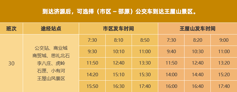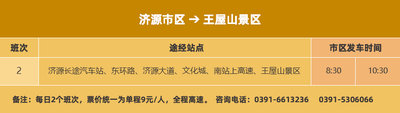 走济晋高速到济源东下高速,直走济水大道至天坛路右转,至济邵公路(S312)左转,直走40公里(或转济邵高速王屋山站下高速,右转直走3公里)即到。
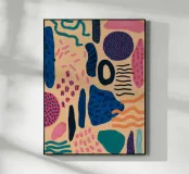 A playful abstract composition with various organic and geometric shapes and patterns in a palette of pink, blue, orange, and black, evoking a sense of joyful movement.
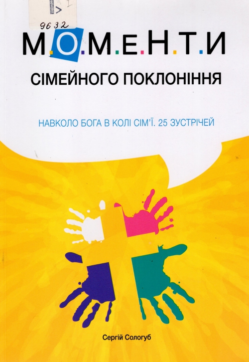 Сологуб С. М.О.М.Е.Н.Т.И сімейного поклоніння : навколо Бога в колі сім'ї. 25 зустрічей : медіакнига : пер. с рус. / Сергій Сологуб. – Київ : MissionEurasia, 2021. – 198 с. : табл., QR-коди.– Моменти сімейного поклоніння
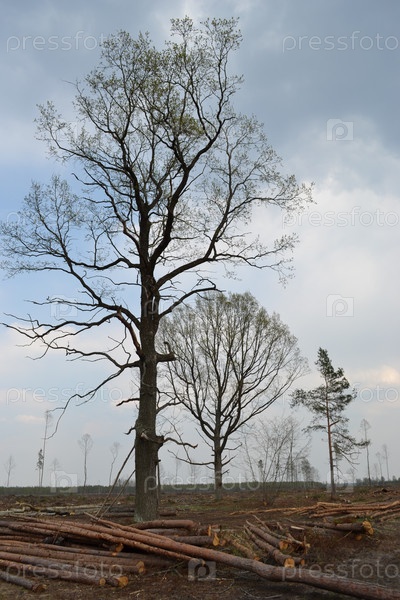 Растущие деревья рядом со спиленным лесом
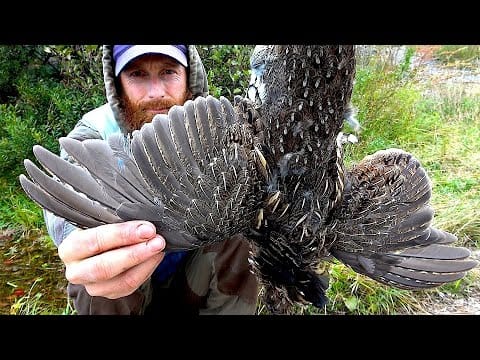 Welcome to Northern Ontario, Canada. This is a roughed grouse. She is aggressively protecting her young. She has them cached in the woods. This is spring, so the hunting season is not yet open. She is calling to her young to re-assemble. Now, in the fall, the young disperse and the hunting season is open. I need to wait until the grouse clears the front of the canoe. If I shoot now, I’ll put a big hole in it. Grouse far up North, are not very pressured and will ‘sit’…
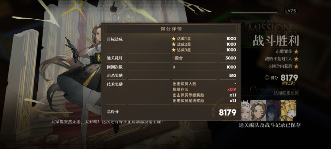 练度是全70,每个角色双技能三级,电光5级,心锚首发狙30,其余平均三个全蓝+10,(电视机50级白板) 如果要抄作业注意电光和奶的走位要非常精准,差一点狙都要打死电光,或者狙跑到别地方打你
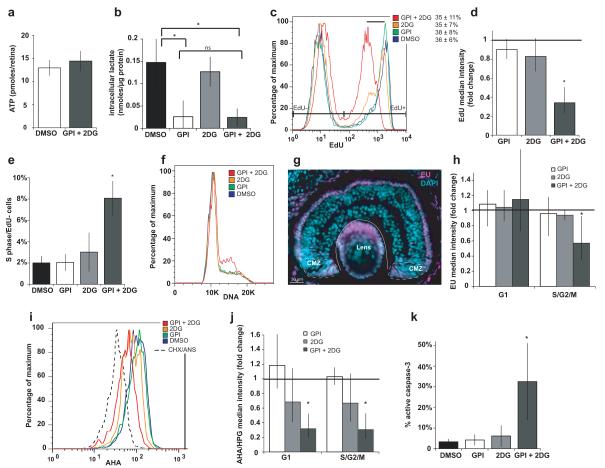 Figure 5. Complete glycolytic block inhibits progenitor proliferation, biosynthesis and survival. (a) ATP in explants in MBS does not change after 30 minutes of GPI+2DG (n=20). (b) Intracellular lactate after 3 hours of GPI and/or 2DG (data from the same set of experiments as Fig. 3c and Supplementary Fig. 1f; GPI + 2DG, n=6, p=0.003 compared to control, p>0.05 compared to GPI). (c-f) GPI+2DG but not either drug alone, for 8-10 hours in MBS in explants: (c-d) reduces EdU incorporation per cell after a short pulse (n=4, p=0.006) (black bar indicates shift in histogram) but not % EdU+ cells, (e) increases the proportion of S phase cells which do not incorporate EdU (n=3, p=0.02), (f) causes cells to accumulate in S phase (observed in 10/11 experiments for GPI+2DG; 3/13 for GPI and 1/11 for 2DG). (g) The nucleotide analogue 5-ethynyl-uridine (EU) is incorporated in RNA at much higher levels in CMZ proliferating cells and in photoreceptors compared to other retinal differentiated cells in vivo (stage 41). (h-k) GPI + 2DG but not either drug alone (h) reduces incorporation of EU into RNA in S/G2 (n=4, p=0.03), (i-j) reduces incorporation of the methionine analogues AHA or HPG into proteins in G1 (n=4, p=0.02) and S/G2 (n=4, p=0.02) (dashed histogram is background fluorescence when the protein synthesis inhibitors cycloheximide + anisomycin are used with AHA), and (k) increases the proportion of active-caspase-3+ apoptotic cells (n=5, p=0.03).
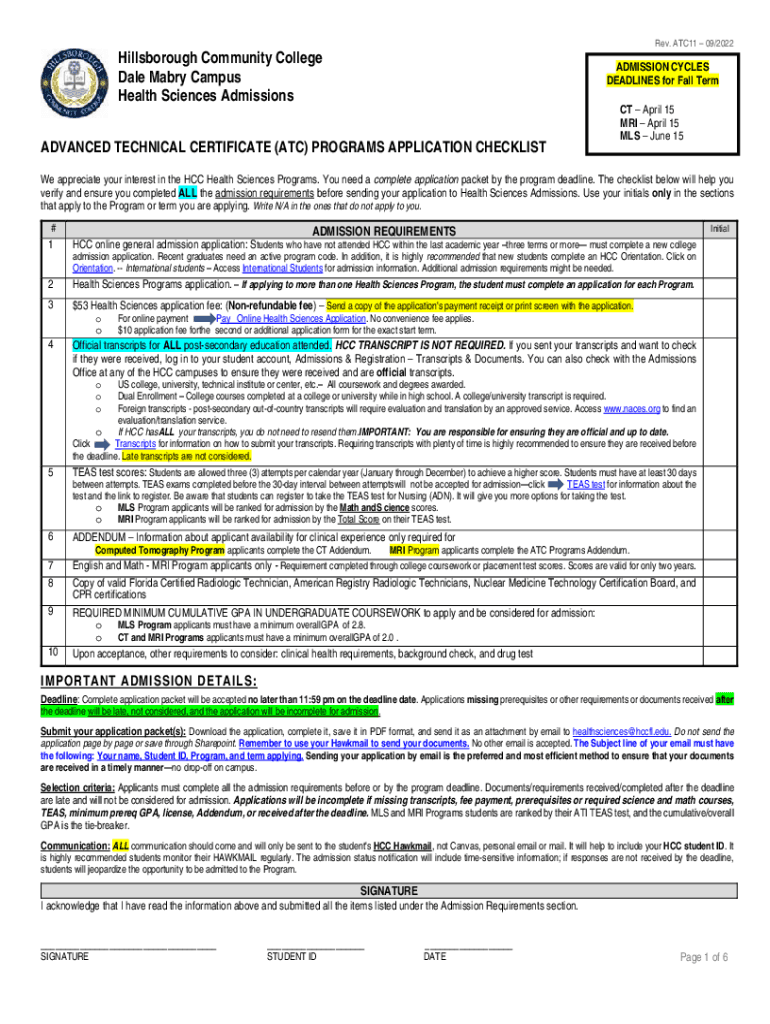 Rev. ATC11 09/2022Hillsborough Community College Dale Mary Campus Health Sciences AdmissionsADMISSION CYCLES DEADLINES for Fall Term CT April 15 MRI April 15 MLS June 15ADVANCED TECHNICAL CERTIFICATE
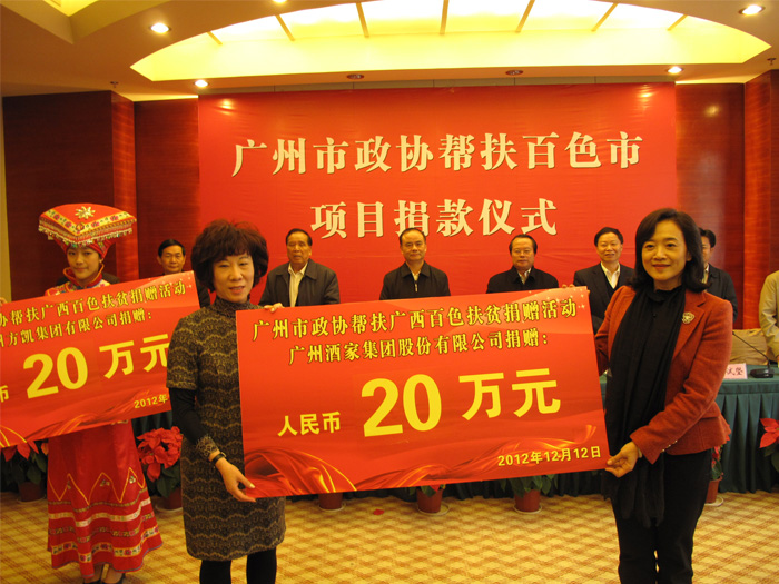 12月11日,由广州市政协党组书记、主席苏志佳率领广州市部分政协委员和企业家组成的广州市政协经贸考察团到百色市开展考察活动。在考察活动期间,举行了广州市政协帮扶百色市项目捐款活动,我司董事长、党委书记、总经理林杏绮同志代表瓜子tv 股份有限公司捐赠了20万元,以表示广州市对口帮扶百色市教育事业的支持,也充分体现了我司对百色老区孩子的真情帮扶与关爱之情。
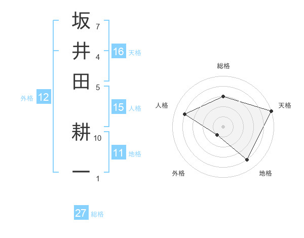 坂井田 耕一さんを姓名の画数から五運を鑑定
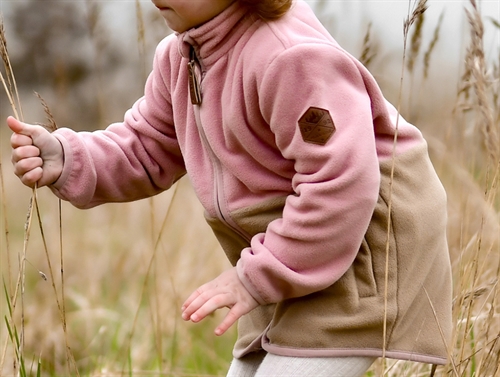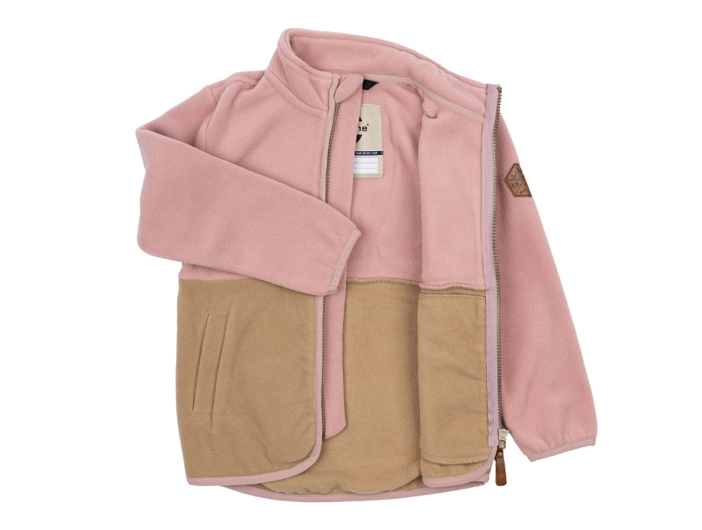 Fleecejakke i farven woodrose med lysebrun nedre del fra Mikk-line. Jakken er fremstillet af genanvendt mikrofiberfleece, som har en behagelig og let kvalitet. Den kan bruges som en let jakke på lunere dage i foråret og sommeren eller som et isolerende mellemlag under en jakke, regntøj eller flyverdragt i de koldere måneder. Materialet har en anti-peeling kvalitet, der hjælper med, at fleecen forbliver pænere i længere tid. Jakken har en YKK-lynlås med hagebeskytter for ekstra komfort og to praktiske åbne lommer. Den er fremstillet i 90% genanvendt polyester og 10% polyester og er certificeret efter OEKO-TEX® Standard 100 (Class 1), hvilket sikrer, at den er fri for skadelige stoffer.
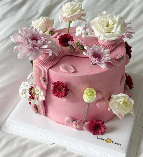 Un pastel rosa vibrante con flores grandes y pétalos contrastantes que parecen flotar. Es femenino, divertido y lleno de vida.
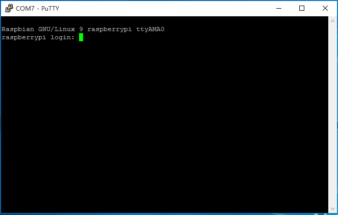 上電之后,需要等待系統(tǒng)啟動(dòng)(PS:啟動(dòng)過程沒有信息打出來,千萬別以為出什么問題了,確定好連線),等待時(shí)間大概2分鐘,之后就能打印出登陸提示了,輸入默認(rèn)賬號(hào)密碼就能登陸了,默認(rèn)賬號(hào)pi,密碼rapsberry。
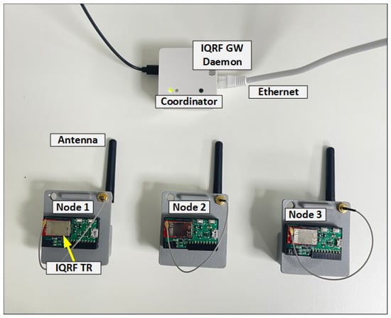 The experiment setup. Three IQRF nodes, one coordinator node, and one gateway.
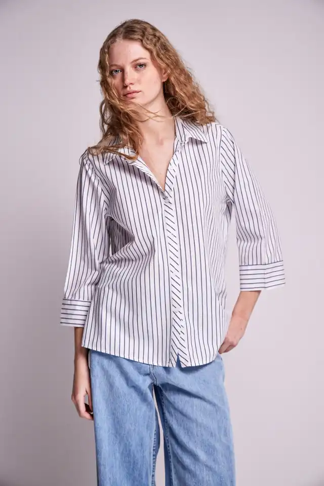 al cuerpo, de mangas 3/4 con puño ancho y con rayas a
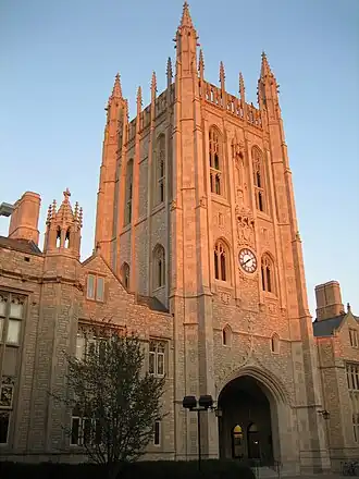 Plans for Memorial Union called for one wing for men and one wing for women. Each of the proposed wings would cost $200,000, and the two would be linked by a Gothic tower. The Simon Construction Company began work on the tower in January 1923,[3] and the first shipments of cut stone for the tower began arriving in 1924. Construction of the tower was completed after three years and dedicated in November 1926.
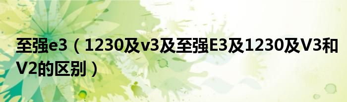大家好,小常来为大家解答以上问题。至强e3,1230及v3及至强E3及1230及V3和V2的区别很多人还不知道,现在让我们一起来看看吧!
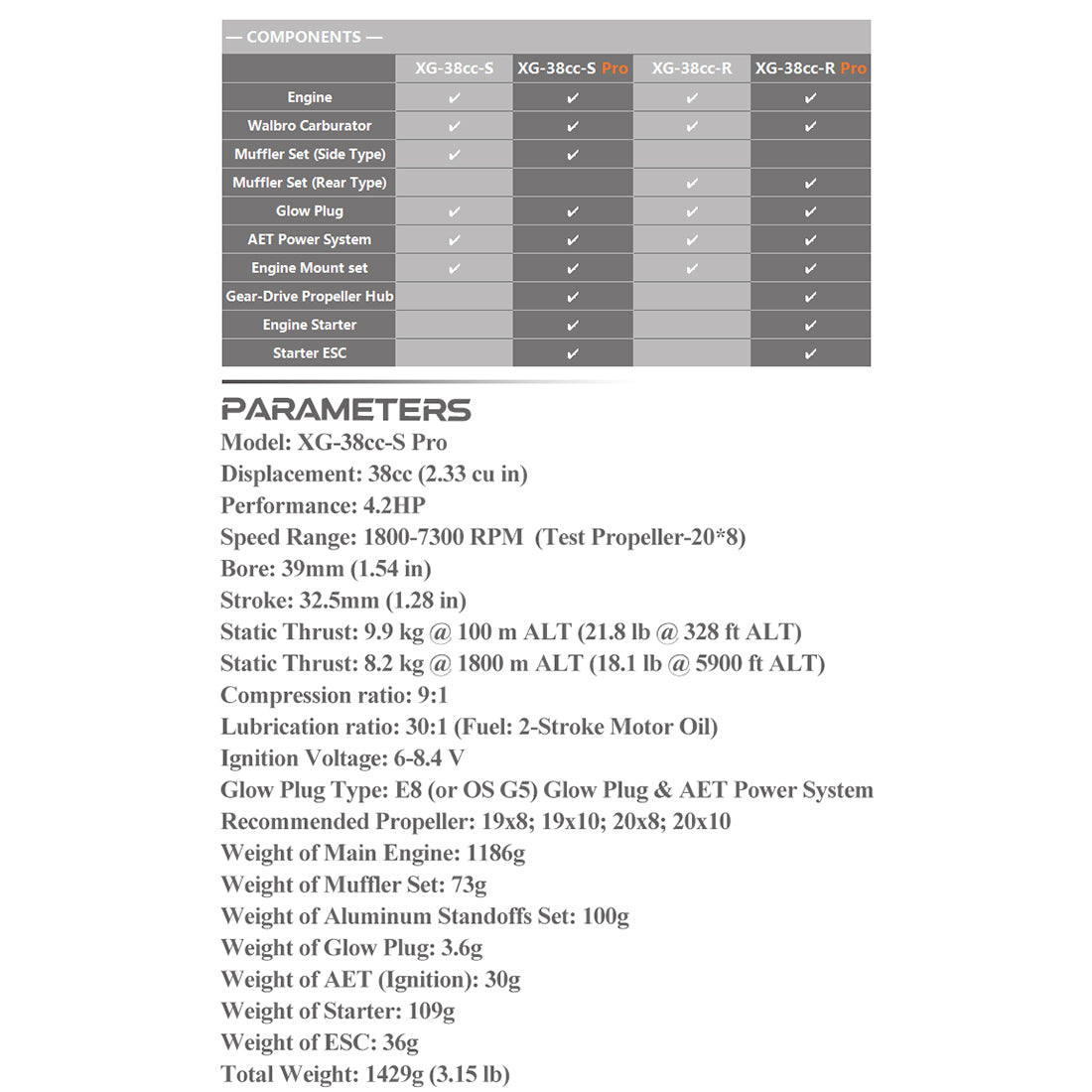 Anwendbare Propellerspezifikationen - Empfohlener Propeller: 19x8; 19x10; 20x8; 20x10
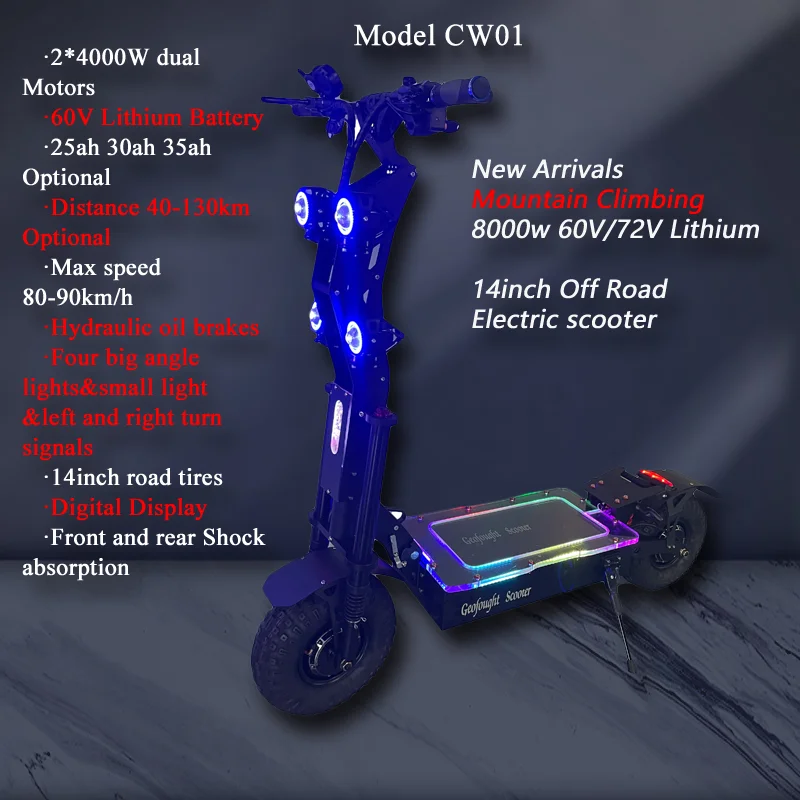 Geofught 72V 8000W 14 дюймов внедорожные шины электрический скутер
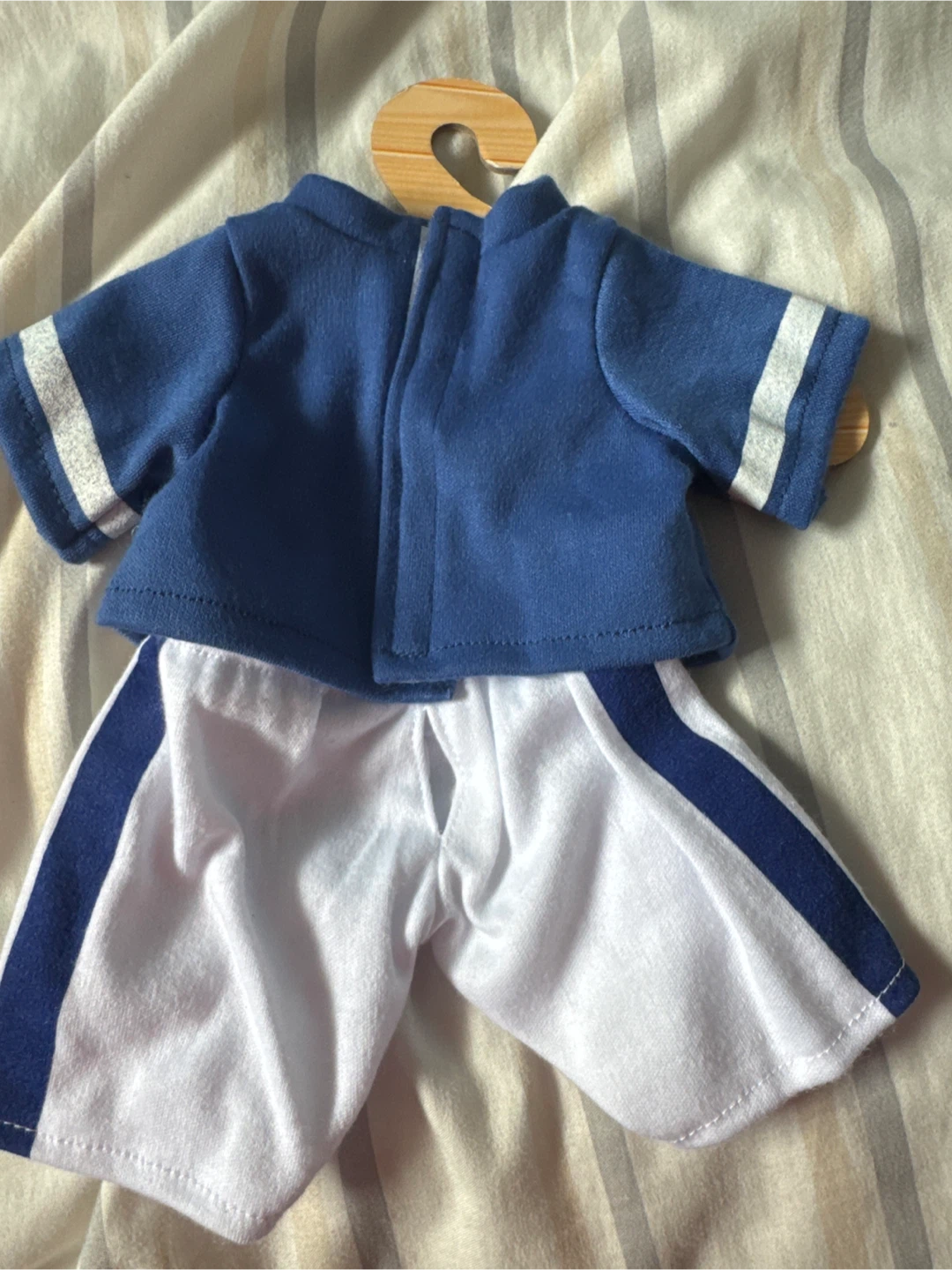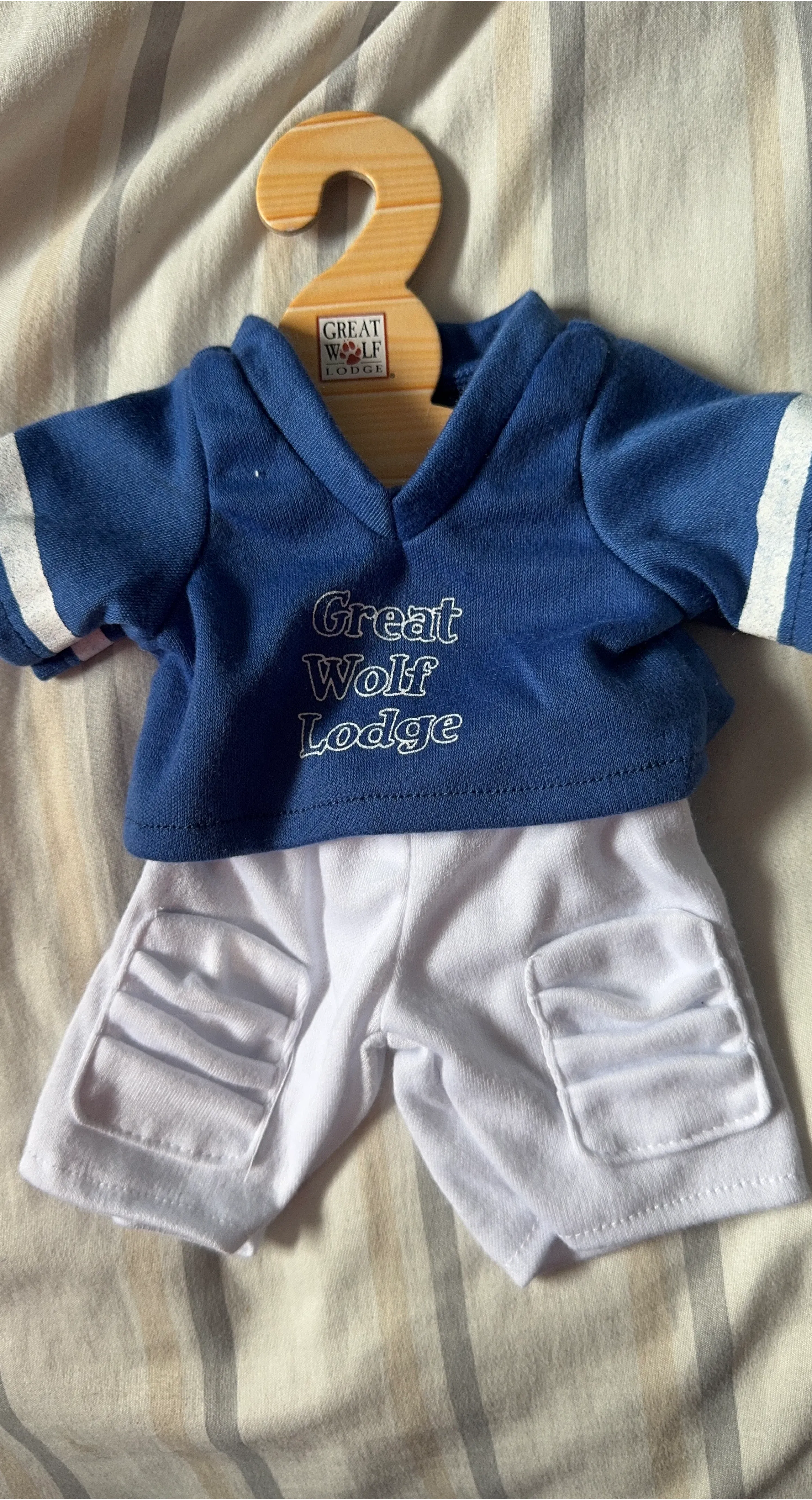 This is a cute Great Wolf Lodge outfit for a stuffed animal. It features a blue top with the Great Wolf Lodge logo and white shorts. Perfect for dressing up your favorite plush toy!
* * * * * * *
● **Exercise requirements**: Without any picture, return exactly the lines of the records above from the first through the line that contains "A playful abstract".

● **Completed task**:
 走济晋高速到济源东下高速,直走济水大道至天坛路右转,至济邵公路(S312)左转,直走40公里(或转济邵高速王屋山站下高速,右转直走3公里)即到。
 A playful abstract composition with various organic and geometric shapes and patterns in a palette of pink, blue, orange, and black, evoking a sense of joyful movement.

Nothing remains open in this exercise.